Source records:
**********

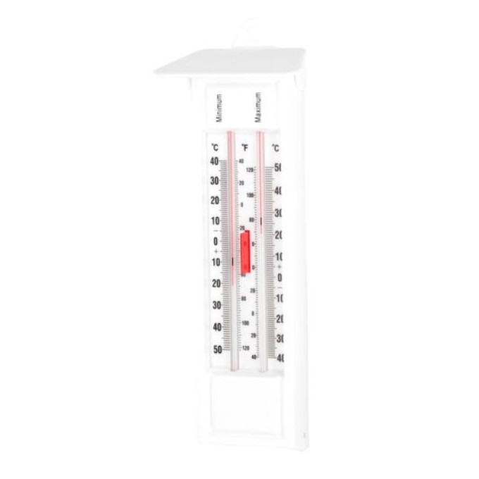 Este termómetro permite la medición independiente de temperaturas mínima y máxima alcanzadas en un determinado periodo de tiempo.
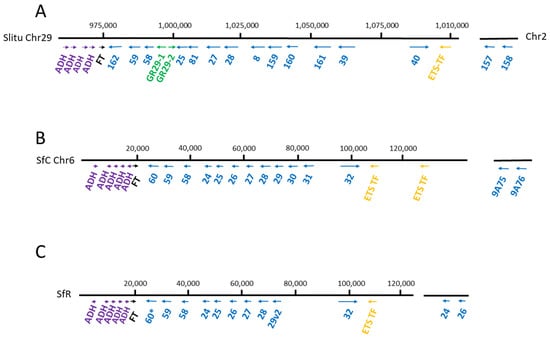 CYP9A cluster in the genome of S. litura (A), S. frugiperda corn strain (B) and S. frugiperda rice strain (C). Numbers in blue correspond to CYP9A genes. Arrows correspond to gene orientation, ADH: alcohol dehydrogenase, FT: fucosyl transferase, EST TF: E26 transformation specific transcription factor, * pseudogene.
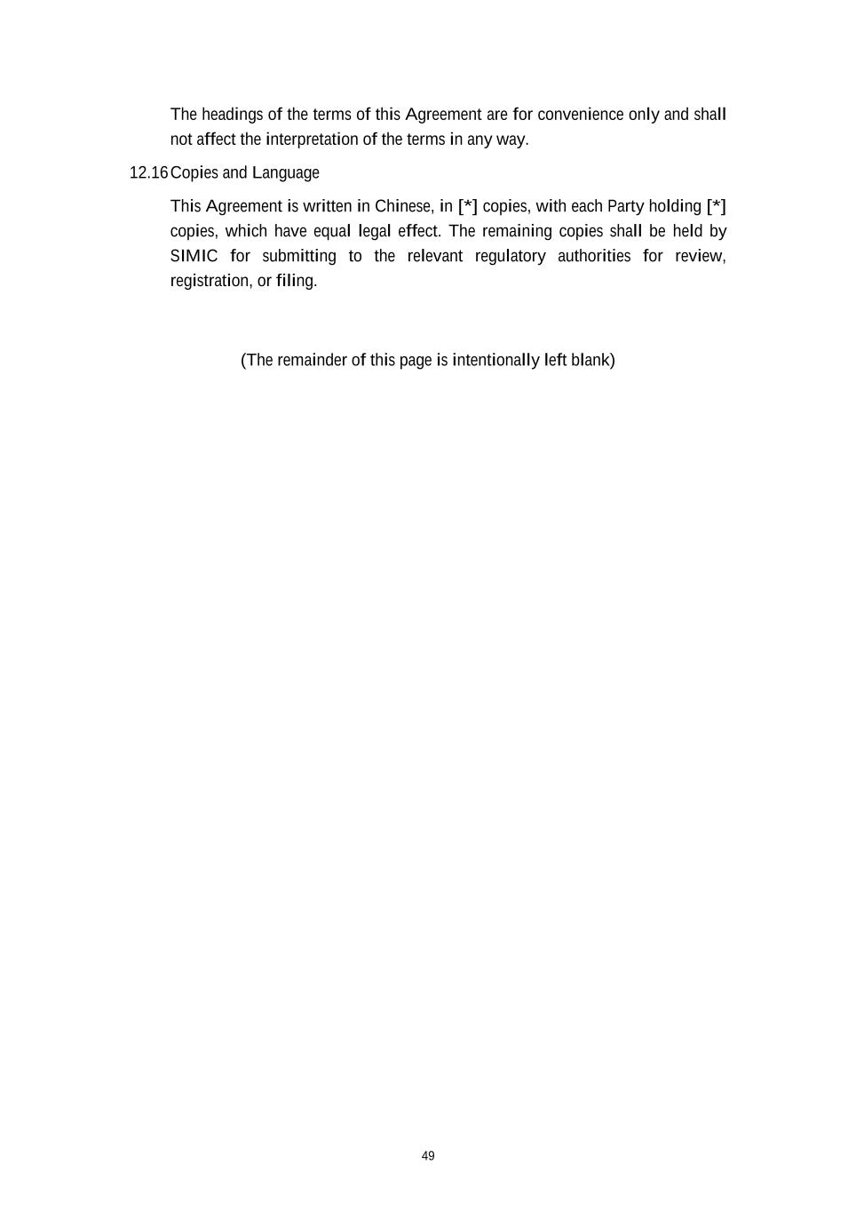 49 The headings of the terms of this Agreement are for convenience only and shall not affect the interpretation of the terms in any way. 12.16 Copies and Language This Agreement is written in Chinese, in [*] copies, with each Party holding [*] copies, which have equal legal effect. The remaining copies shall be held by SIMIC for submitting to the relevant regulatory authorities for review, registration, or filing. (The remainder of this page is intentionally left blank)
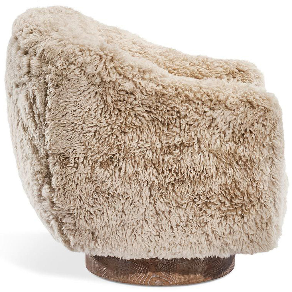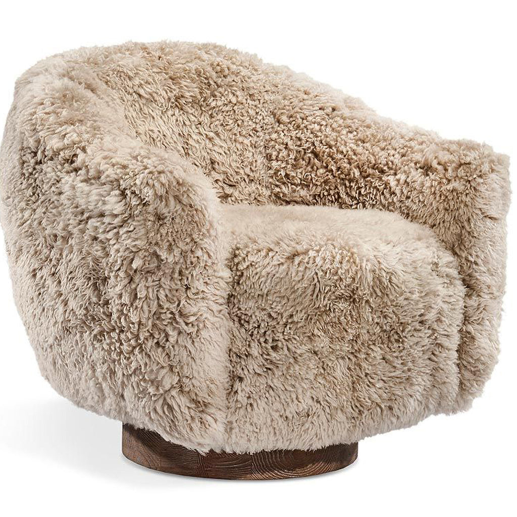 Featuring tibetan lambskin or faux shearling and an ash base, the Simone Swivel Chair effortlessly combines comfort and style to stunning effect. This item is made of solid wood. Item will not be exactly as pictured, subtle deviations in hue after finishing can be expected as a result of natural variations in coloration of the base material.
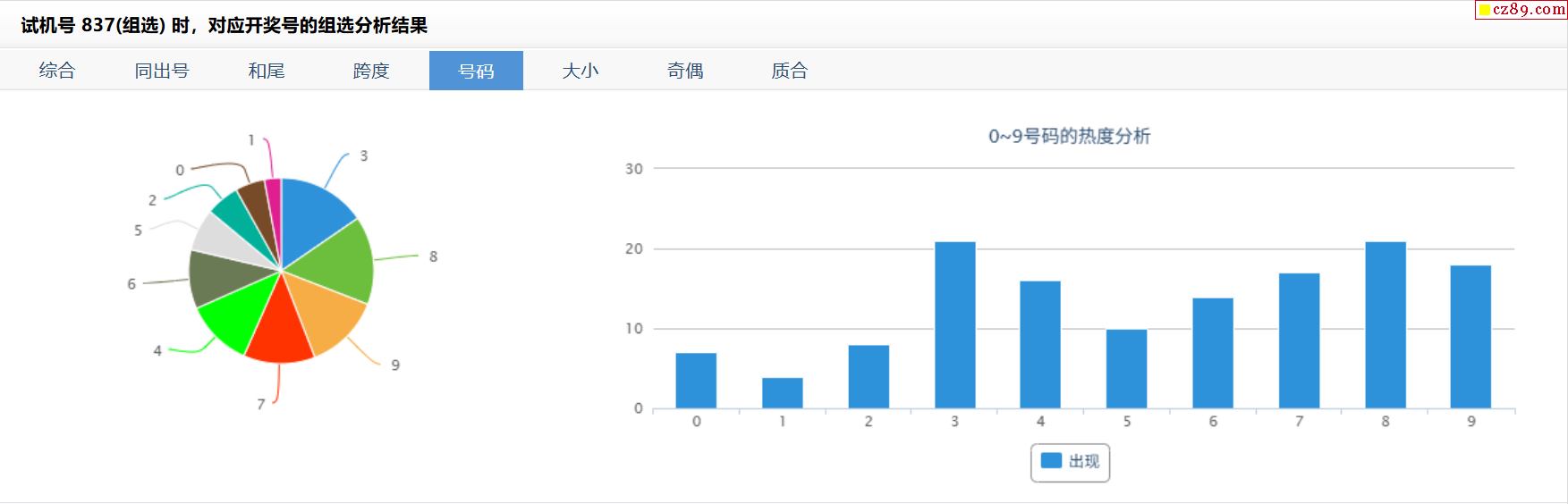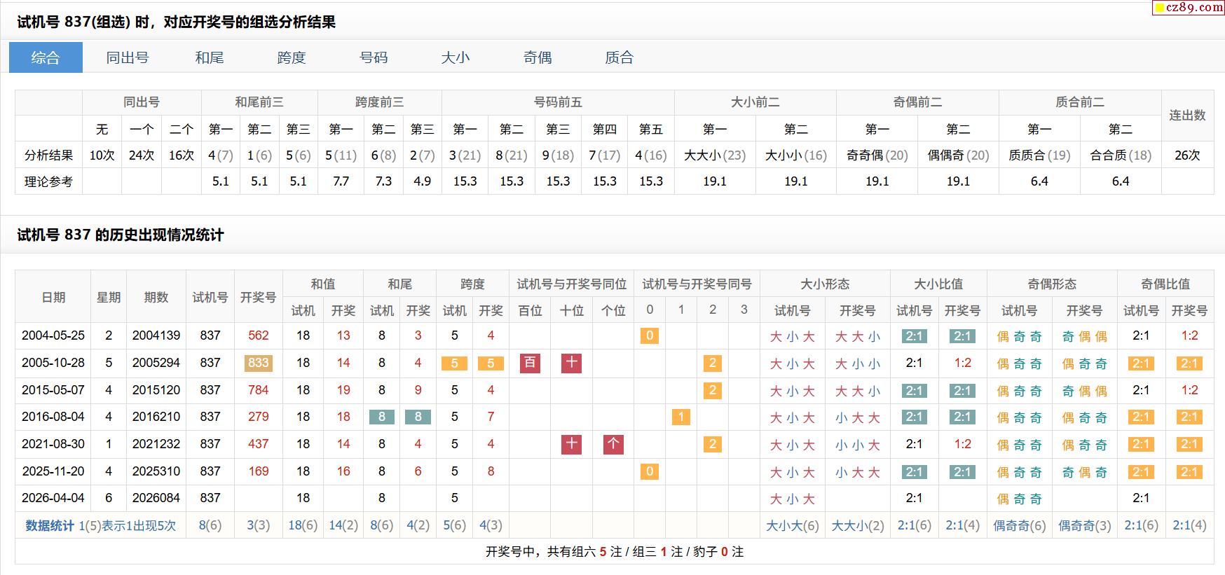 084期福彩3D试机号837对应开奖号的组选分析结果
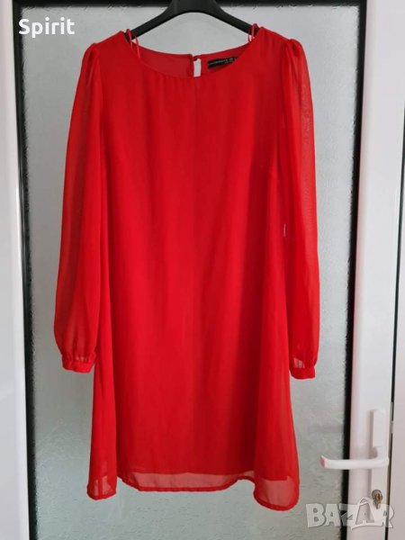 Червена рокля шифон,непрозрачна,с подплата отдолу.

**********

◆ **Directions for this task**
Could you please return the entries above exactly, minus the pictures?

◆ **Completed exercise**
 Este termómetro permite la medición independiente de temperaturas mínima y máxima alcanzadas en un determinado periodo de tiempo.
 CYP9A cluster in the genome of S. litura (A), S. frugiperda corn strain (B) and S. frugiperda rice strain (C). Numbers in blue correspond to CYP9A genes. Arrows correspond to gene orientation, ADH: alcohol dehydrogenase, FT: fucosyl transferase, EST TF: E26 transformation specific transcription factor, * pseudogene.
 49 The headings of the terms of this Agreement are for convenience only and shall not affect the interpretation of the terms in any way. 12.16 Copies and Language This Agreement is written in Chinese, in [*] copies, with each Party holding [*] copies, which have equal legal effect. The remaining copies shall be held by SIMIC for submitting to the relevant regulatory authorities for review, registration, or filing. (The remainder of this page is intentionally left blank)
 Featuring tibetan lambskin or faux shearling and an ash base, the Simone Swivel Chair effortlessly combines comfort and style to stunning effect. This item is made of solid wood. Item will not be exactly as pictured, subtle deviations in hue after finishing can be expected as a result of natural variations in coloration of the base material.
 084期福彩3D试机号837对应开奖号的组选分析结果
 Червена рокля шифон,непрозрачна,с подплата отдолу.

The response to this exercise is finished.